Hemispheric plot of raw measurements

Subsetting the data

For plotting, it will be useful to know how to easily subset data. As the dataframe contains a MultiIndex, we use the .xs function to subset it. For instance, to get all data from the Galileo satellite #3 at the ground station:

df.xs('E03',level='SV').xs('Dav1_Grnd',level='Station')

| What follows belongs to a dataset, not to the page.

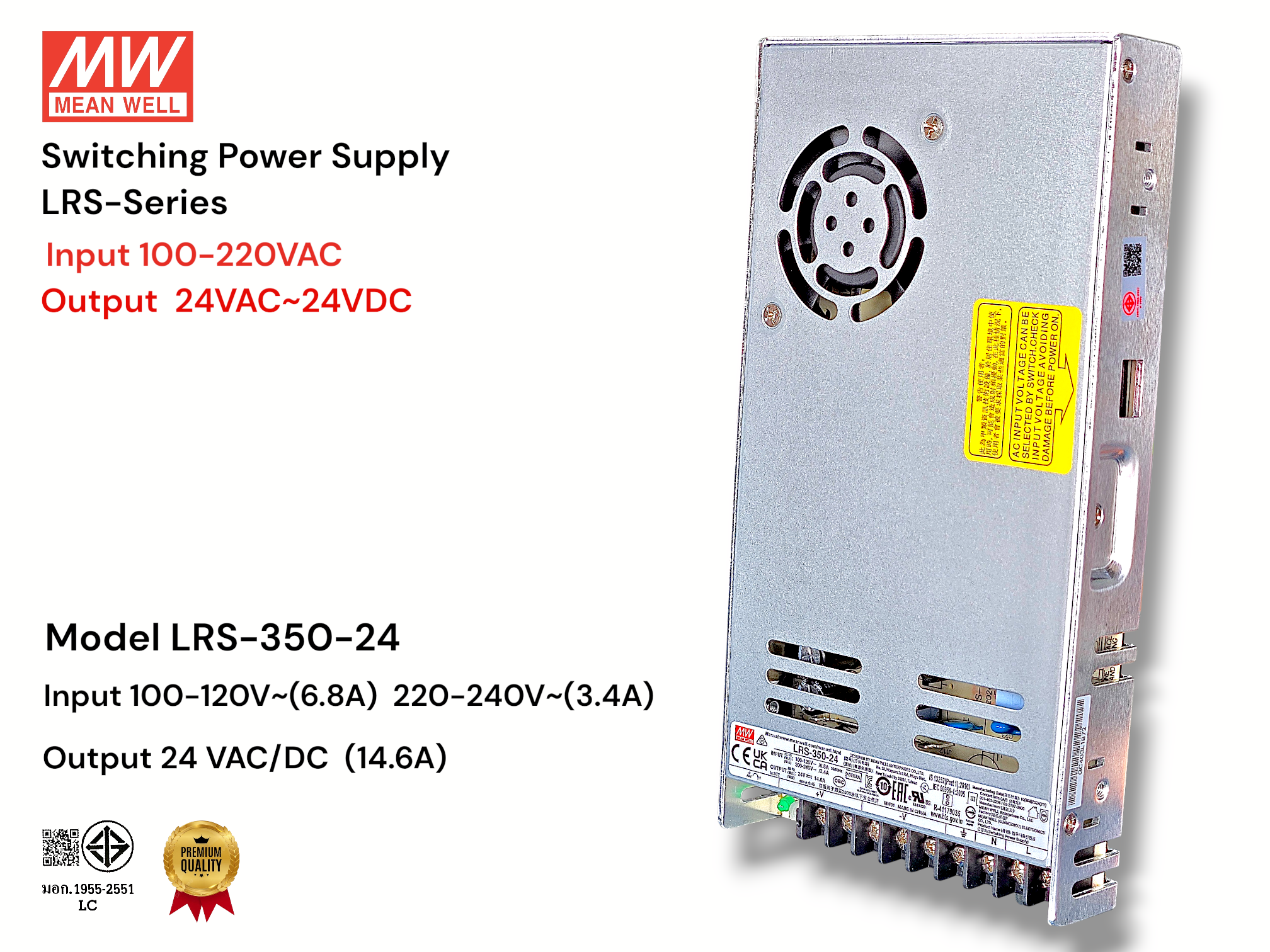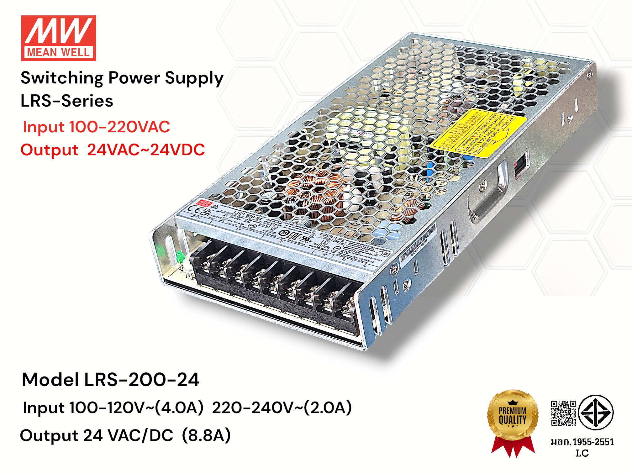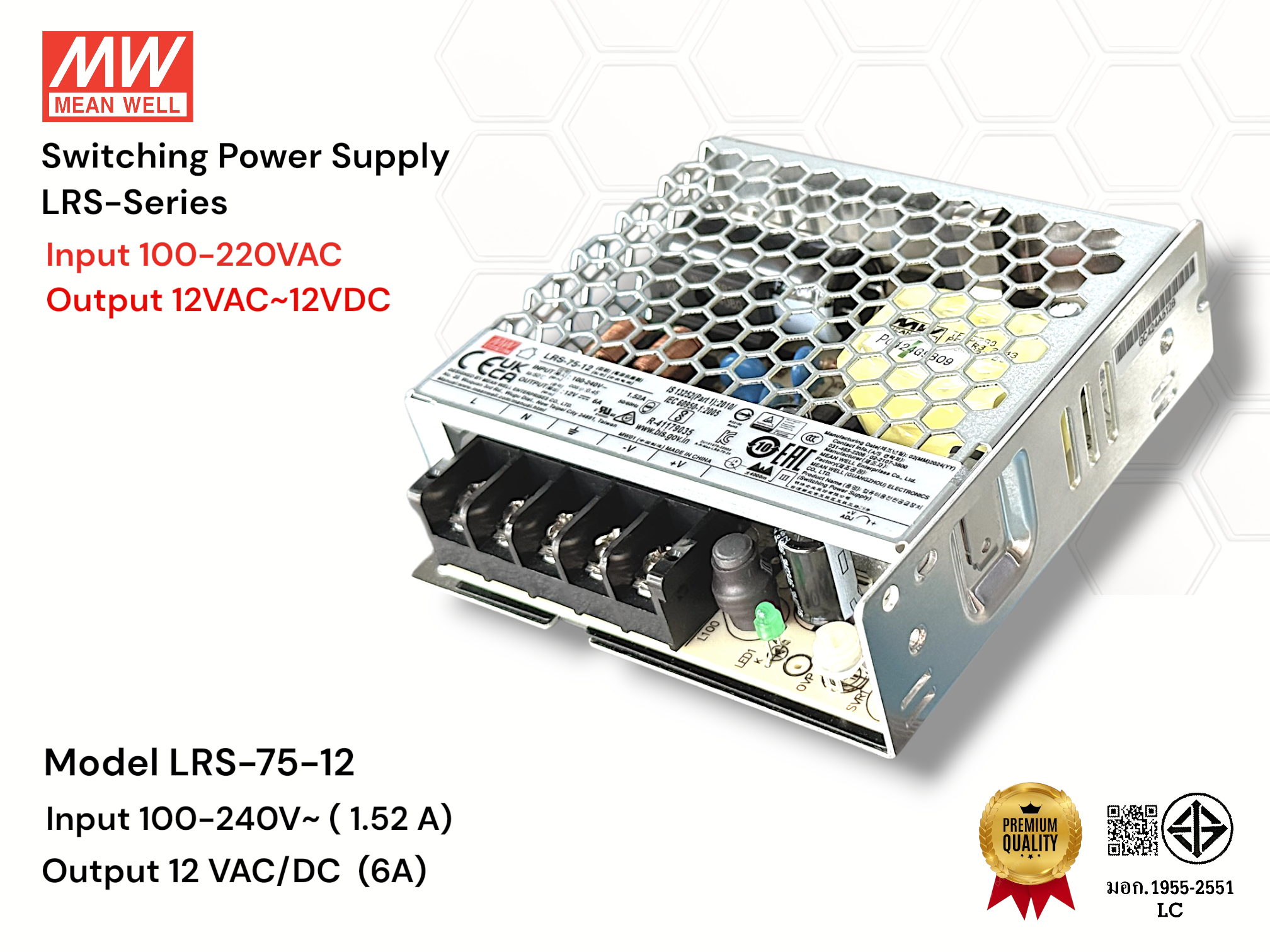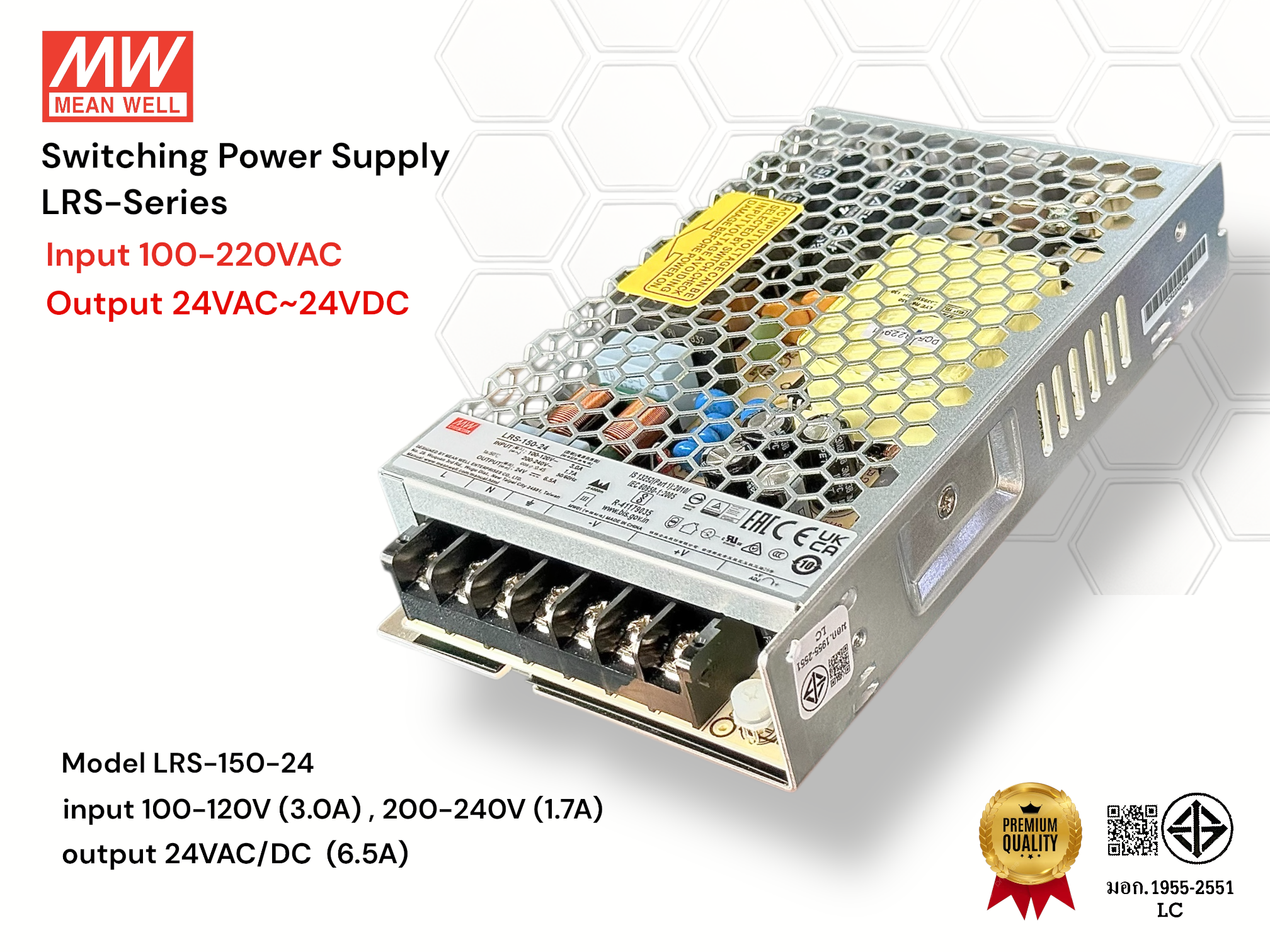Mean Well LRS- Series Switching Power Supply อุปกรณ์ที่แปลงไฟฟ้ากระแสสลับ (AC) แรงสูง ให้เป็นไฟฟ้ากระแสตรง (DC) แรงดันต่ำ โดยใช้การสวิตช์สัญญาณความถี่สูง ทำให้มี ประสิทธิภาพสูง ขนาดเล็ก และน้ำหนักเบา ทนทานต่อแรงดันไฟกระชาก 300VAC นาน 5 วินาที, พร้อมป้องกัน Short Circuit / Overload / Over Voltag

	S1	S2	S7	Azimuth	Elevation
Epoch
2021-04-28 21:07:00	NaN	NaN	26.5	-141.2	25.9
2021-04-28 21:07:15	NaN	NaN	27.4	-141.2	26.0
2021-04-28 21:07:30	NaN	NaN	28.6	-141.1	26.1
2021-04-28 21:07:45	25.4	NaN	30.2	-141.1	26.2
2021-04-28 21:08:00	27.0	NaN	31.0	-141.0	26.3
...	...	...	...	...	...
2021-04-29 03:06:00	39.0	NaN	24.5	110.9	36.3
2021-04-29 03:06:15	39.0	NaN	20.9	111.0	36.3
2021-04-29 03:06:30	39.0	NaN	22.2	111.0	36.2
2021-04-29 03:06:45	38.0	NaN	25.2	111.1	36.1
2021-04-29 03:07:00	37.1	NaN	27.6	111.2	36.0

1441 rows × 5 columns

Plotting observation points in polar coordinates

Single satellite, single site

mySV = 'E03'
mystation_name = 'Dav1_Grnd'
# initialize figure with polar axes
fig, ax = plt.subplots(figsize=(10,10),subplot_kw=dict(projection='polar'))
# subset the dataset
subdf = df.xs(mySV,level='SV').xs(mystation_name,level='Station')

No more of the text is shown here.